We bookended a couple sessions back to back that looked at both sides of the information governance issue. The brunt of IBM's data governance and integration tools stem from acquisitions made 10 - 15 years ago, so it's not surprising that these tools are showing their age. First, we attended one of a series of "user experience" roundtables where a facilitator led existing customers through a discussion of pain points and wish lists. For the InfoSphere Information Server and related tools, customers voiced concern that data lineage and search capabilities were not easily usable. A couple hours later, we caught a session focusing on how IBM is incorporating AI and ML in their next-generation data governance tools, many of them deployed as cloud services, that would address issues like those.

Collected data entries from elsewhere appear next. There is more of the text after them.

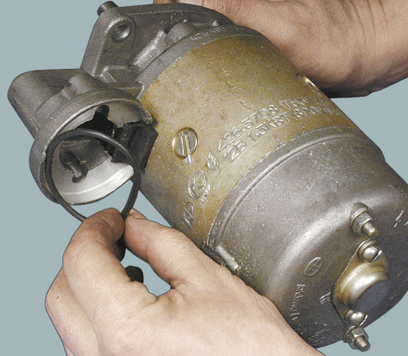 - 21. Зніміть стопорне кільце з приводу стартера.
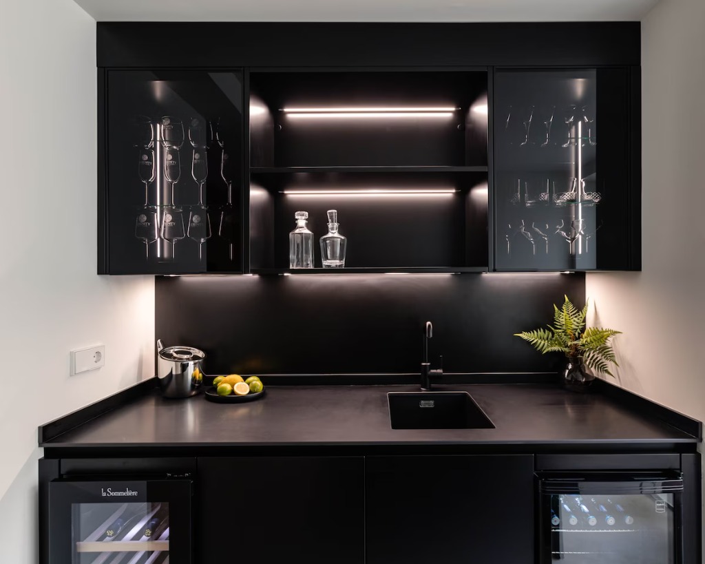 The accommodation is spread over three levels and offers approximately 406 m² of elegant living space. Designed with modern comfort in mind, the interior features high-quality finishes, air conditioning throughout and a central control system that allows guests to adjust lighting, curtains and climate control with ease. An elevator connects all floors, and an alarm system provides added security.
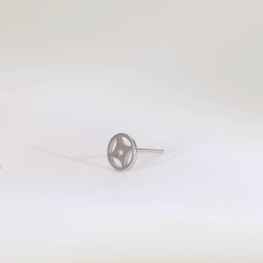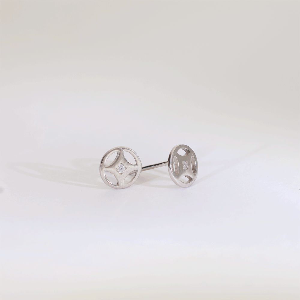 Design: Crafted in pure 92.5 silver, these earrings feature a round shape with open cut design and a small stone in the center for a clean look.
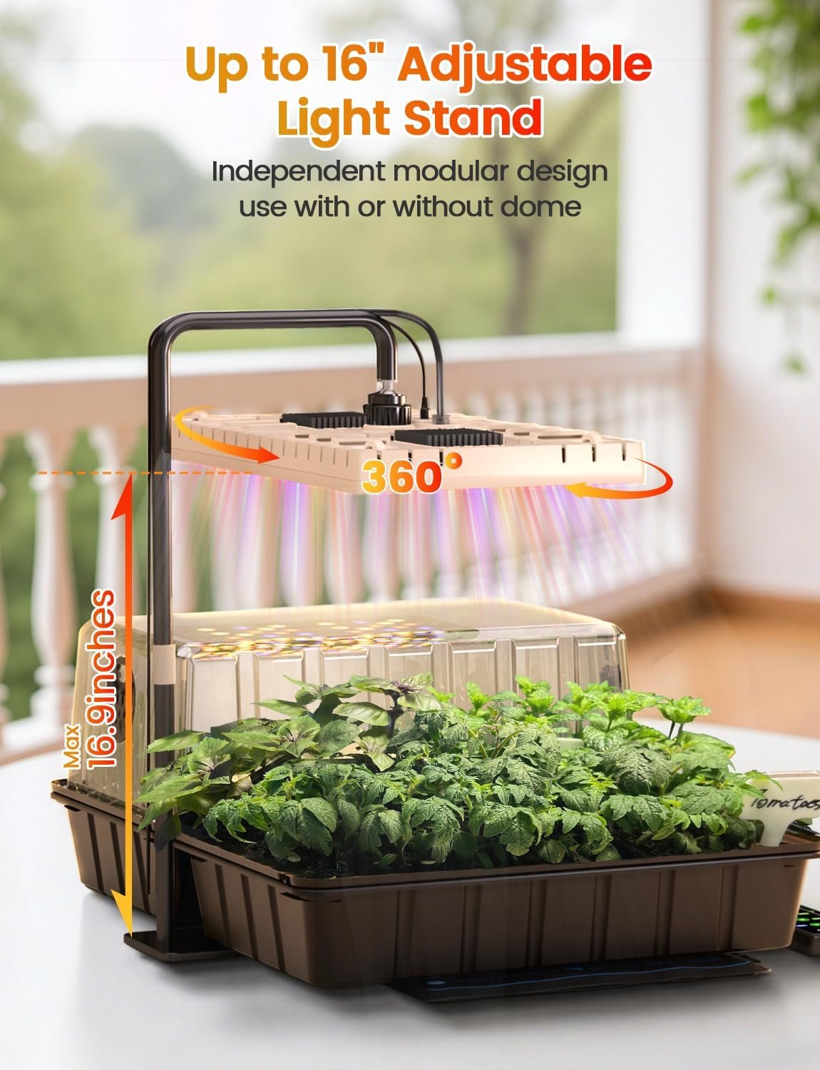 Grows as Plants Grow:Independent adjustable 16″ light stand keeps lighting consistent even after removing the humidity dome, helping reduce excess moisture accumulation. Fits nursery pots with humidity dome, aeroponic cloner, reusable seed starter tray, and other seedling starter trays.
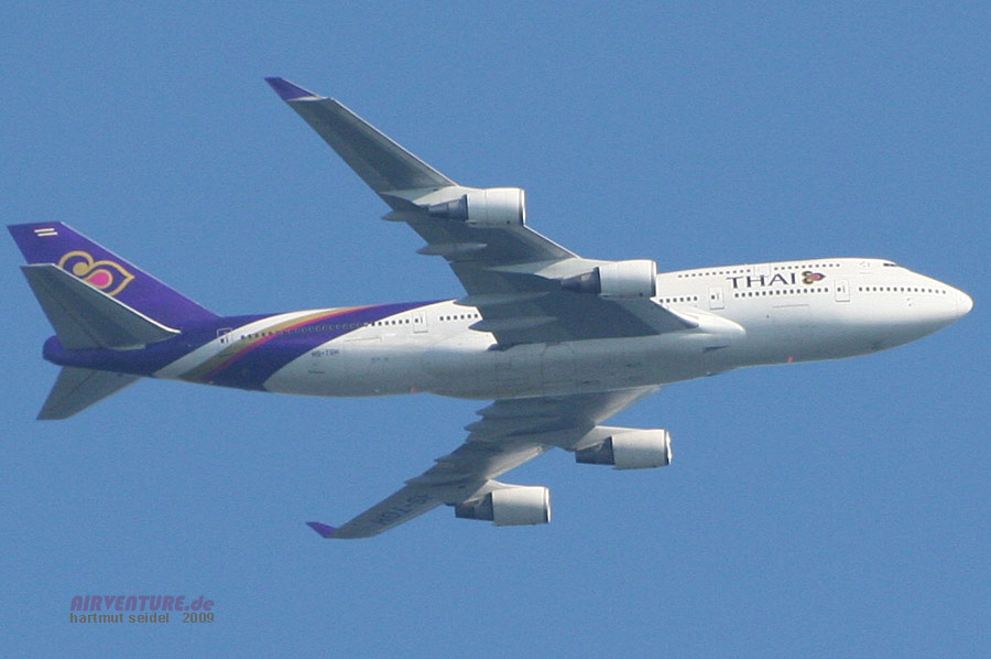 Der Flugplatz von Langenselbold liegt in der Einflugschneise des etwa 40 Kilometer in südwestlicher Richtung befindlichen stark frequentierten Verkehrsflughafens Frankfurt am Main, der von vielen Großraummaschinen aus aller Welt angeflogen wird. Deswegen konnte man während des FFH-Flugtag 2009 zusätzlich zu dem actionreichen Flugprogramm die ganze Zeit über auch noch viele interessante Verkehrsflugzeuge, wie zum Beispiel diesen Boeing 747-400 Jumbo-Jet der Fluggesellschaft Thai Airways..... |

The dilemma IBM faces is how to upgrade these customers, many of whom either lack the budgets to undergo forklift upgrades to the new generation of tools or have other priorities. It would appear that for those on the legacy InfoSphere tools, applying some of this machine learning to the existing portfolio for tracking lineage or searching metadata to make those functions more intuitive would be logical add-ons -- as long as the products are actively supported, of course.
IBM Watson Studio is closely integrated to IBM Cloud Private for Data, but for now they don't run on the same clouds.
In some cases, IBM gets in its own way. Its messaging and positioning was muddled and confusing. With the dearth of press releases, there was no authoritative go-to source for the brunt of IBM's announcements or upgrades, making the process of separating fake news from fact a matter of finding the right expert in a crowd of 20,000.
And then there was ambiguity. The slide, shown above, was prominently displayed at an expo hall keynote about IBM's latest AI offerings. It accurately shows that the new offerings, Cloud Private for Data and Watson Studio, are in fact synergistic. The speaker, IBM general manager of Watson Data & AI Beth Smith, stated that you could work seamlessly across the private and public cloud, but the slide implies that Watson Studio works with Cloud Private for Data in the private cloud. It doesn't tell you that Watson Studio is not available on Cloud Private for Data -- at least not yet (it is only available on the IBM Public Cloud). There may be good reasons for this, such as that the clock ran out before IBM could get an implementation of Watson Studio ready for Cloud Private.
Cloud Private for Data and Watson Studio are good examples of how Design Thinking was applied to produce intuitive workflows. The breakdown in communication points to the need for IBM to extend design thinking practices into the realms of messaging, positioning, and communications with all of its varied constituencies.